Millions of UK households fear that 2014 could be their worst financial year. New information reveals that millions of UK households relied heavily on credit to pay for Christmas presents after a year of increasing living costs and flat lining average incomes.
Consumer group Which? recently found that over 13 million UK adults were only able to afford their Christmas spending using credit. An increasing number of UK adults are turning to high-interest credit options such as payday loans as most of their other credit options, including credit cards, run dry.
UK households have been set back by a rising cost of living combined with incomes that have not increased by any substantial margin over the past three years. Many homes are earning less in real terms than they were five years ago, despite efforts made by the government to improve income stability and employment.
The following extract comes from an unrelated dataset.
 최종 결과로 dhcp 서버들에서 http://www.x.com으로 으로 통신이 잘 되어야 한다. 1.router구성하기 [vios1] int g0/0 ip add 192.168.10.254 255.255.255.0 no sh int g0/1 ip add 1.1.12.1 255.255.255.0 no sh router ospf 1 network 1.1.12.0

Only three in ten UK households expect that their financial situation will improve in the next year. Six in ten households are fearful that the growing cost of energy could make their winter utility bills a major strain on household finances. Alarmingly, four in ten UK borrowers are now using credit to pay for necessities such as food.
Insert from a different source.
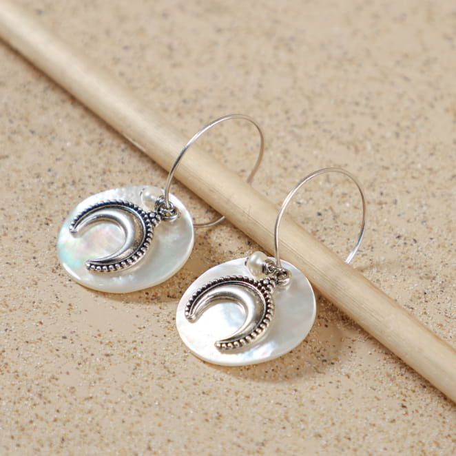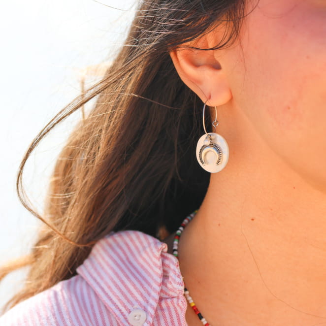 Découvrez les boucles d'oreilles Corne : un bijou argenté sophistiqué avec un pendentif rond en nacre blanche. voir plus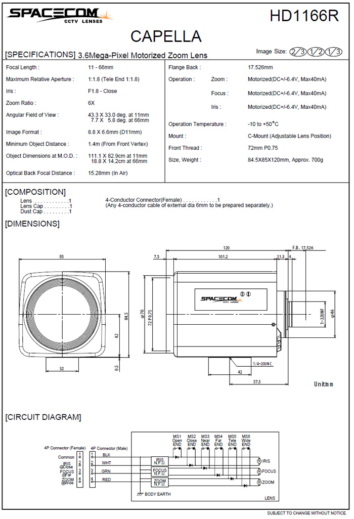 [SPACECOM]Motorized Zoom Lenses HD1166R 6¹èÁÜ(11-66mm) 2/3" 3.6Mega Pixels(°ßÀû¿äû)

Three quarters of Christmas borrowers claim that they spent most of their credit on presents. Data reveals that Britons have, on average, £2,875 of credit card debt as of the beginning of the year. Experts estimate that 40% of borrowers will spend more than a year repaying their credit card bills due to Christmas spending.
Despite the household doom and gloom, experts are confident that the UK economy will improve in 2014. PricewaterhouseCoopers believes that the economy is likely to return to its pre-recession level for the first time in the final quarter of the year, leading to long-term economic improvement for many UK households.